Strangely, Ayres doesn’t feel that lucky that he wasn’t there. “If I’d have been, I probably would have phoned 999 and got some wet towels, gone to the mains and switched the electric off. I want to be productive, rational.”

There has been interest in displaying his portraits, burns and all, but a reluctance hangs over Ayres. Local gallery coordinator Angie Ryan – who’d planned the Spinners show – attempted to raise funds for some of the gigantic collection to be restored, but restoration is laborious and expensive. She tells me how one professional restorer volunteered hours on a single painting, with only a thumbnail-sized corner to show for it.

Ryan tells me of a quirk created by Ayres’s haphazard storage in his flat. Dozens of large landscapes were piled atop one another, and their combined weight forced each painting’s stretcher bar to press against the other canvas below them. When the fire came, the parts of canvas covered by stretcher bars were saved from smoke damage, leaving the impression of large glowing crosses where the smoke didn’t reach. “Like beams of light,” she says. Ayres doesn’t believe in God or religion but it’s a fittingly holy symbol for a man who could easily not be here.

Marketers would call Ayres an outsider artist – he certainly has the hallmarks of a Daniel Johnston or Henry Darger – working away at his craft, unfettered by the world of fine art.
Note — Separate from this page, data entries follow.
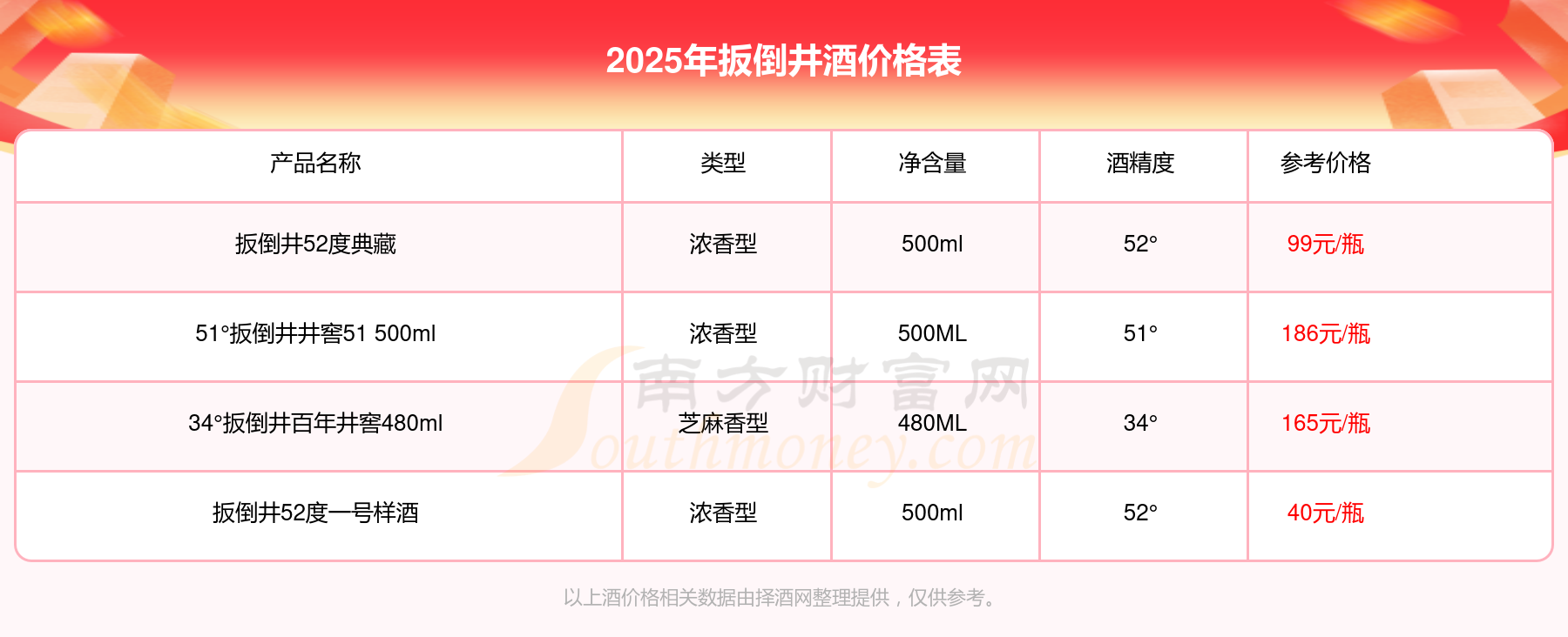 2025年,51°扳倒井井窖51 500ml、34°扳倒井百年井窖480ml、扳倒井52度典藏、扳倒井52度一號樣酒等扳倒井酒價格如下:51°扳倒井井窖51 500ml參考價186元/瓶、34°扳倒井百年井窖480ml參考價165元/瓶、扳倒井52度典藏參考價99元/瓶、扳倒井52度一號樣酒參考價40元/瓶。
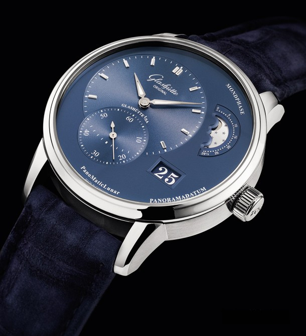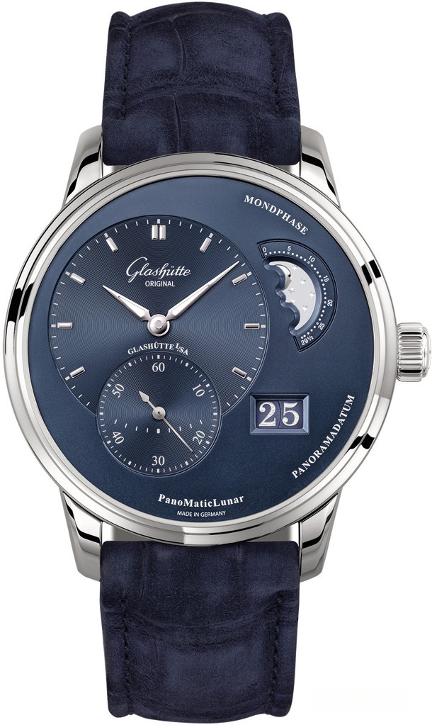 В часах PanoMaticLunar от Glashutte Original особое внимание уделено яркому, чистому дизайну с его смещенными от центра часовой и минутной стрелками и секундным дисплеем. Часовая/минутная и секундная стрелки лежат на вертикальной оси в пределах левой половины циферблата, в то время как апертура панорамной даты и индикатор фазы Луны расположены, соответственно, на нижнем и левом верхнем участках. Размещение отдельных индикаторов выполнено по принципу "Золотого сечения" – легендарного закона эстетической гармонии. Модель представлена корпусом из нержавеющей стали с синим циферблатом, часовой, минутной и секундной стрелками, а также 9 часовыми индексами. Эксклюзивный дисплей индикатора фаз Луны демонстрирует звезды и луну на серебряном небе. Часы PanoMaticLunar укомплектованы механическим Калибром 90-02 – автоматическим часовым механизмом с 47 камнями и 42 часами запаса хода. Задняя сапфировая часть корпуса открывает широкий вид на изысканный часовой механизм и его характерные для Glashutte элементы: трех четвертная палета с линейными узорами Glashutte, смещенный от центра ротор из золота 21к, вороненые винты и вручную гравированный балансовый мост с регулятором «лебединая шея».
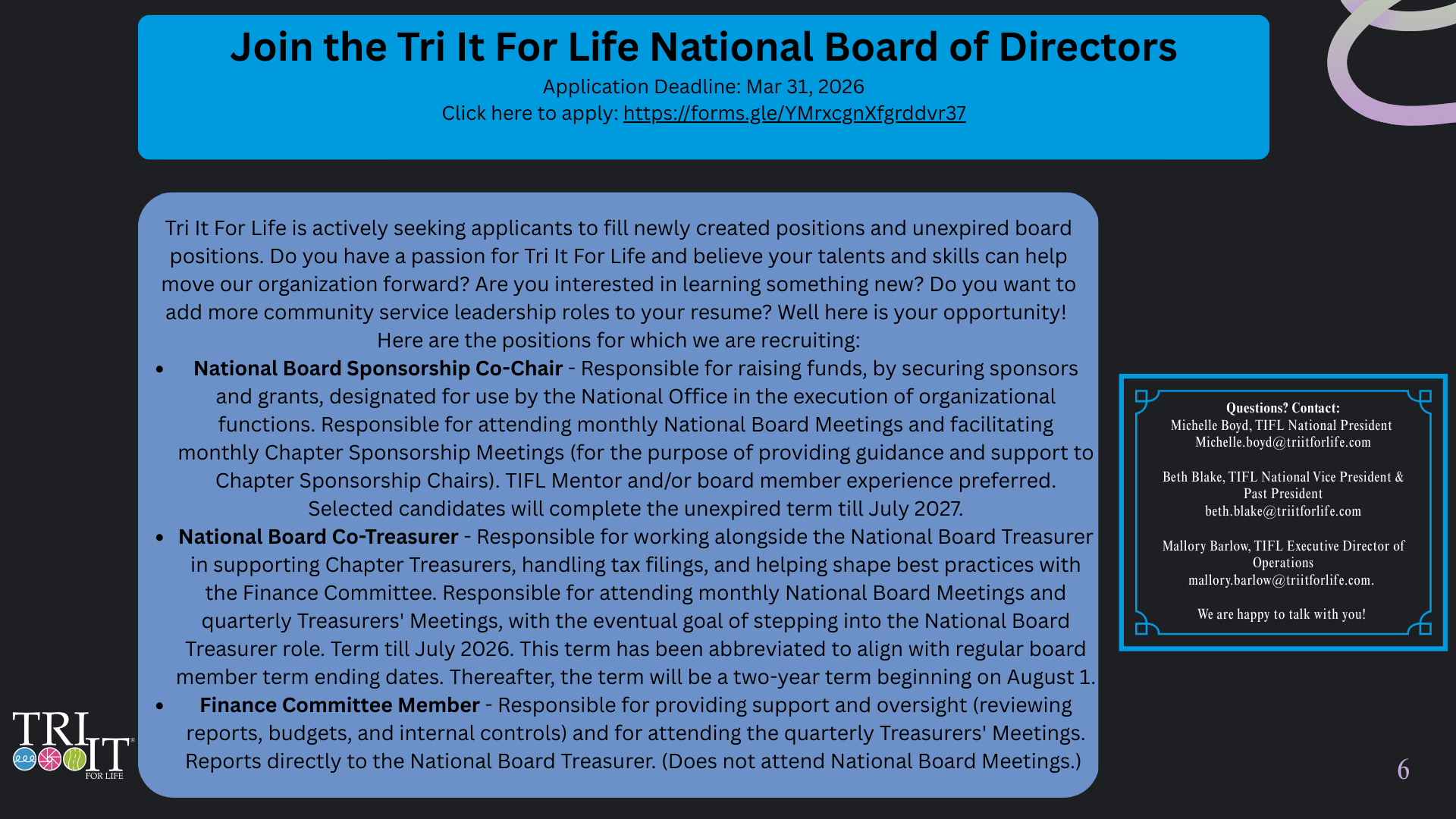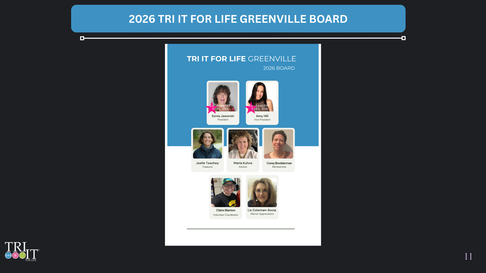 Tri It For Life is a non-profit, volunteer-led organization. Meet the national leadership team.
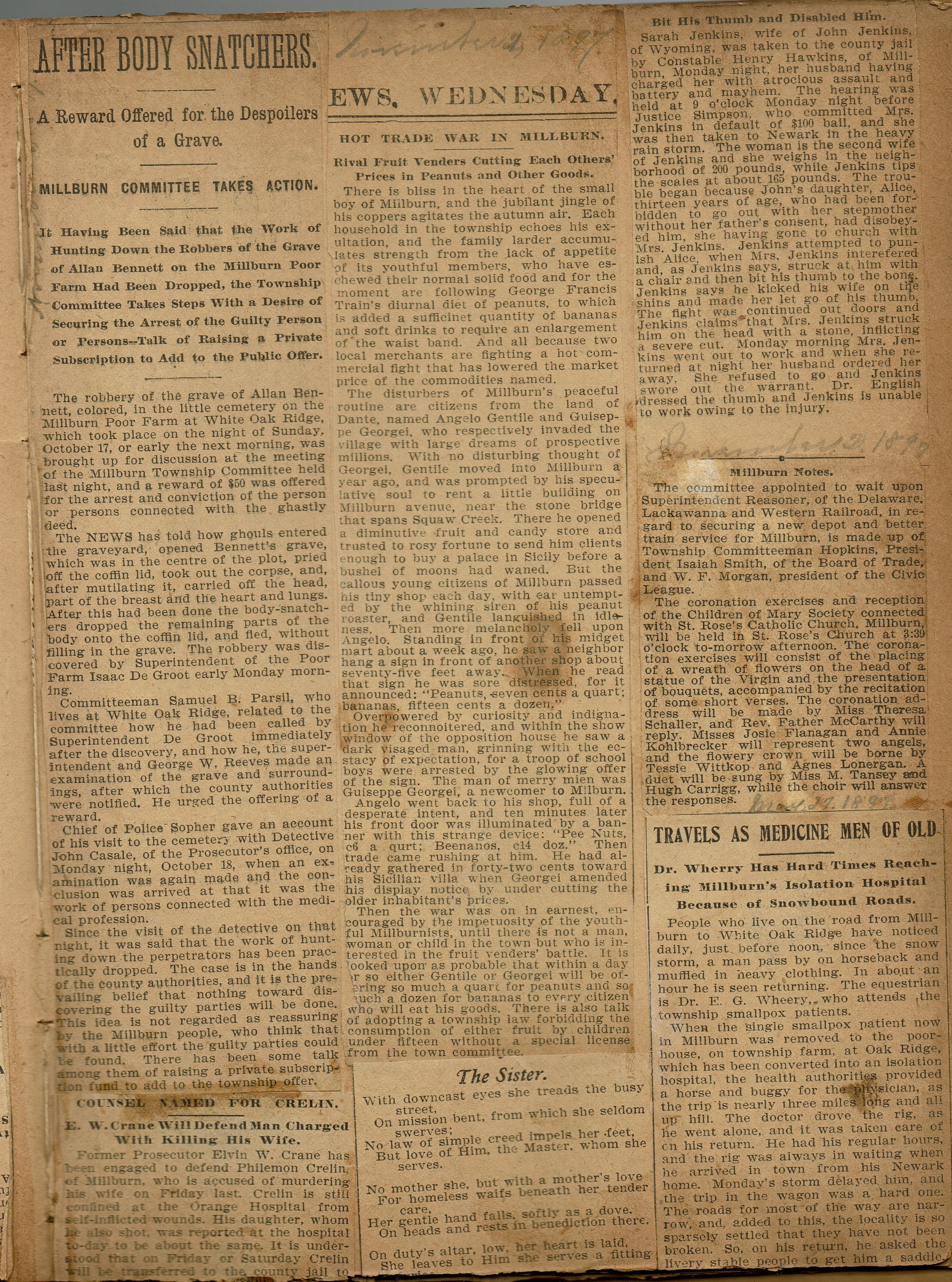 Newspaper clippings from page 23 of the scrapbook belonging to the Flanagan family (44 Mechanic Street, Millburn). Topics covered include reward offered for capture of the person who robbed Allan Bennett's grave, marital dispute between Sarah and John Jenkins of Wyoming, rival Italian grocers Angelo Gentile & Guiseppe Georgei (November 2, 1897), new train depot for Millburn (November 2, 1898), Dr. E. G. Wheery.Collection
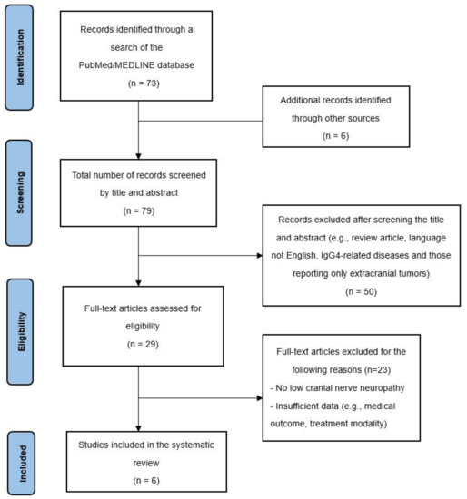 Complete surgical excision is considered to be curative for lesions located in accessible regions, such as the lungs or gastrointestinal tract [5,6,7]. Steroids or conservative treatment are favored for IPT in inaccessible regions, lesions with high morbidity, or those located at an anatomic location precluding complete resection, such as the orbit, cavernous sinus, or brain [8,9,10]. Surgical resection, steroids, radiation, or a combination of these treatments have been used for IPT of the skull base [11,12]. However, for steroid-resistant or surgically inaccessible skull base lesions, treatment is challenging and controversial, especially for patients with lower cranial nerve (LCN) palsy. This study is the first and most comprehensive systematic review of reported cases of skull base IPT. We focused on cases with LCN neuropathy, and aimed to identify trends in treatment modalities and patient outcomes in the very limited number of reported cases.
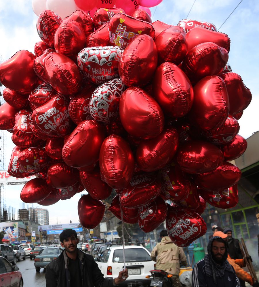 An Afghan man sells heart-shaped balloons ahead of the Valentine's Day in Kabul, capital of Afghanistan, Feb. 13, 2020. (Xinhua/Rahmatullah Alizadah)■

And he’d likely sell some paintings that way. But he is far more interested in art and the possibility of human potential, the things that go right: giant engines, men on the moon, paintings rebirthed in fire.

He hopes one day he’ll make good on that failed exhibition, and he’s painting every day to restock his collection. “It represents human achievement,” he says as the sun sets in Leigh. “Before people can achieve things they’ve got to have some sight, some vision – a goal to aim towards. And a belief in the possible.”